**TASK ITEM**
Look below for the line containing "Petite remorque D2R" and the line containing "Pgs. 81-83 of", then set down both and every line between them exactly, without pictures.

DATA IN THIS EXERCISE Start Marker

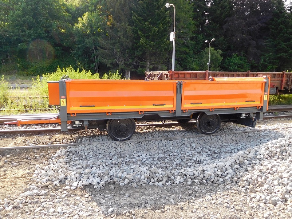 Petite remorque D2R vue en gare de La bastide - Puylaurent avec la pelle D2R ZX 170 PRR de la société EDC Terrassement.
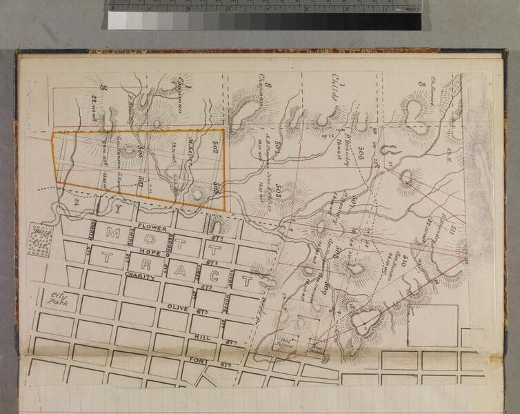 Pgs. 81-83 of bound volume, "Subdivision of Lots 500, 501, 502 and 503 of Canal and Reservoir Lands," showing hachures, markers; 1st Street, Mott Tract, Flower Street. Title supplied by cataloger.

DATA IN THIS EXERCISE End Marker
DATA IN THIS EXERCISE Start Marker

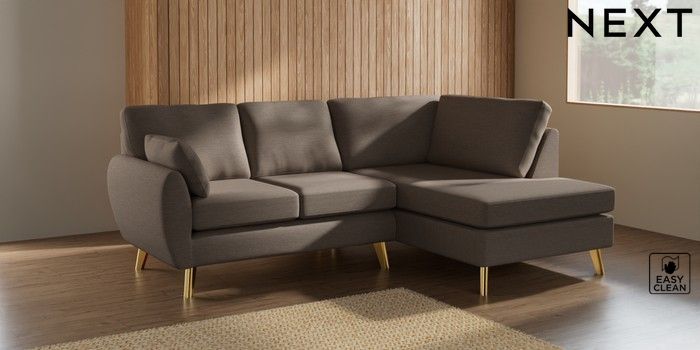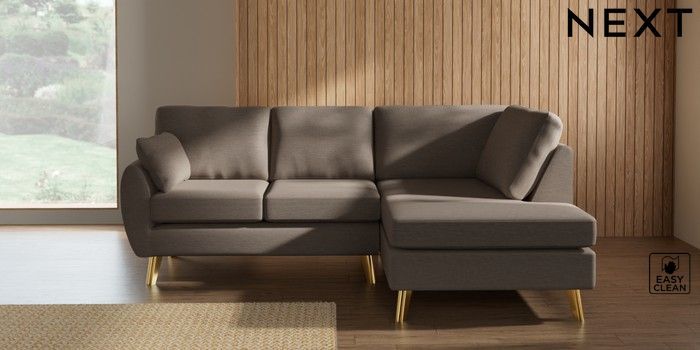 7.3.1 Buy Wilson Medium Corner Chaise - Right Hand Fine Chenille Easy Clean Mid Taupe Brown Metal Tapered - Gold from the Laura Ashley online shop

DATA IN THIS EXERCISE End Marker
DATA IN THIS EXERCISE Start Marker

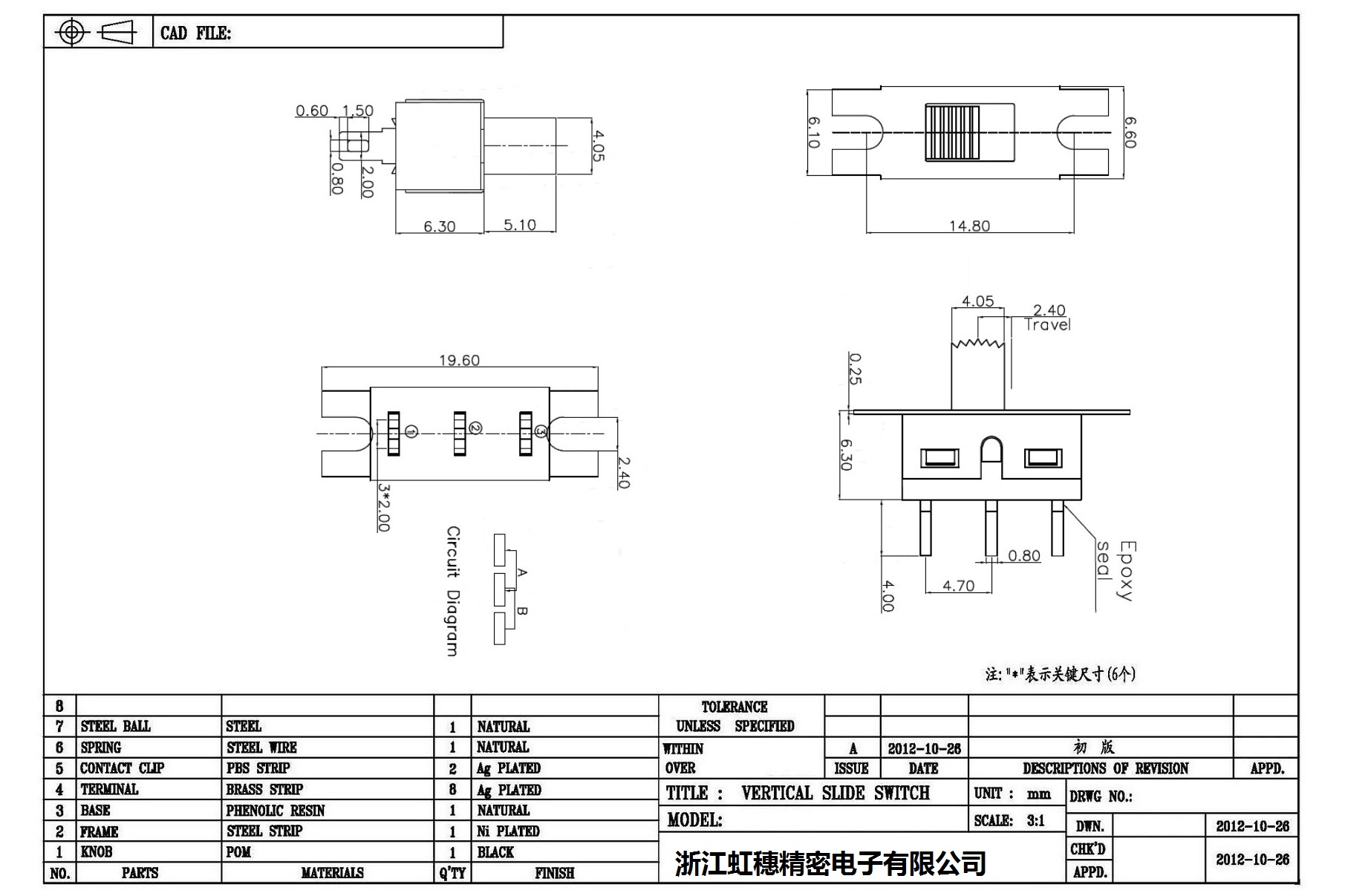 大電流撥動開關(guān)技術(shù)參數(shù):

DATA IN THIS EXERCISE End Marker

**RESPONSE BELOW**
 Petite remorque D2R vue en gare de La bastide - Puylaurent avec la pelle D2R ZX 170 PRR de la société EDC Terrassement.
 Pgs. 81-83 of bound volume, "Subdivision of Lots 500, 501, 502 and 503 of Canal and Reservoir Lands," showing hachures, markers; 1st Street, Mott Tract, Flower Street. Title supplied by cataloger.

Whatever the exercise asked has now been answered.